The function is defined in Definition 2, page 629 as follows.

$$ f : G \to \mathbb{C} $$

Here $G$ is a finite group. $f$ is the indicator function of a left coset of $H$ in $G$, i.e. for some $c \in G$,

$$ f (g) = \begin{cases} \frac{1}{\sqrt{|H|}} & \quad \text{if } g \in c H, \text{and}\\ 0 & \quad \text{otherwise}\\ \end{cases} $$

Then in Lemma 1, it is said that the Fourier transform of $f$, $\hat{f}(\rho)$ is a projection.

The section following the lemma mentions the following points.

The restricted representation from $G$ to $H$, $Res_{H}\rho$ can be decomposed into irreps over $H$. Then the Fourier transform of $f$ at $\rho$ is comprised of blocks, each corresponding to a representation in the decomposition of $Res_H\rho$. The matrix $\sum_{h \in H} \rho(h)$ is as follows.

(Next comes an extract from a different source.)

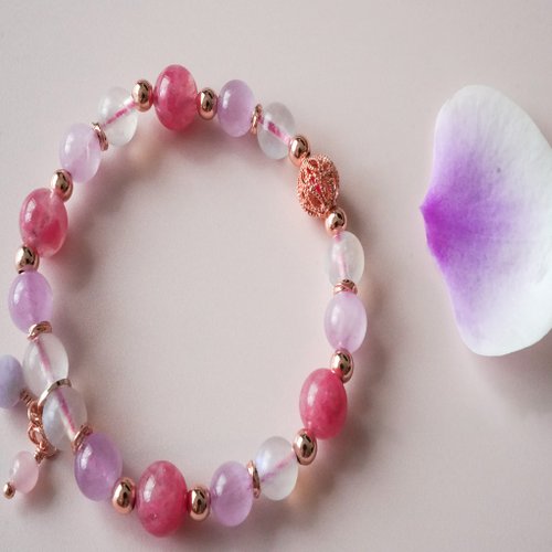 薔薇輝紫鋰輝藍月光14KGF包玫瑰金手鏈

$$ U\begin{bmatrix} \sum_{h\in H} \sigma_1(h) & 0 & \ldots & 0\\ 0 & \sum_{h\in H} \sigma_2(h)& \ldots & 0\\ \vdots & \vdots & \ddots & \vdots\\ 0 & 0 & \ldots &\sum_{h\in H} \sigma_t(h) \end{bmatrix} U^\dagger $$ for some unitary transformation $U$ and some irreps $\sigma_i$ of $H$. I understand that we need to conjugate it with $U$ for basis change.

Then comes the statement I do not understand.

We know that the sum is nonzero only when the irreducible representation is trivial, in which case it is $|H|$.

Which representation are we talking here? $\rho$ or $\sigma$? Why cannot the sum be nonzero when the representation is not trivial?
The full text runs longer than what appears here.